Exercise brief:
From the records below, output exactly the lines starting at the line with "During the era" and ending at the line with "Молодая семья, мать", both of them included, but no pictures.

Exercise materials:
+ + +

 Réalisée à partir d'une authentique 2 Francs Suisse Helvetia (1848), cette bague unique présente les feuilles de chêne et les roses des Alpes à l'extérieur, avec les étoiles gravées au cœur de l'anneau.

+ + +

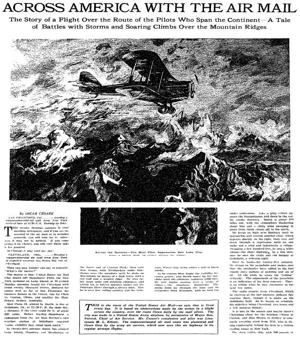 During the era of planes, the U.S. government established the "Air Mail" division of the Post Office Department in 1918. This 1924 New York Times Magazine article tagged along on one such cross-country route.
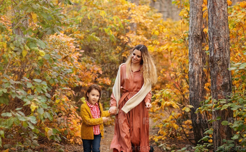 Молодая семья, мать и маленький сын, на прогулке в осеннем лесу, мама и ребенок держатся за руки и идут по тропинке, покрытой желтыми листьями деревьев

+ + +

Answer box:
 During the era of planes, the U.S. government established the "Air Mail" division of the Post Office Department in 1918. This 1924 New York Times Magazine article tagged along on one such cross-country route.
 Молодая семья, мать и маленький сын, на прогулке в осеннем лесу, мама и ребенок держатся за руки и идут по тропинке, покрытой желтыми листьями деревьев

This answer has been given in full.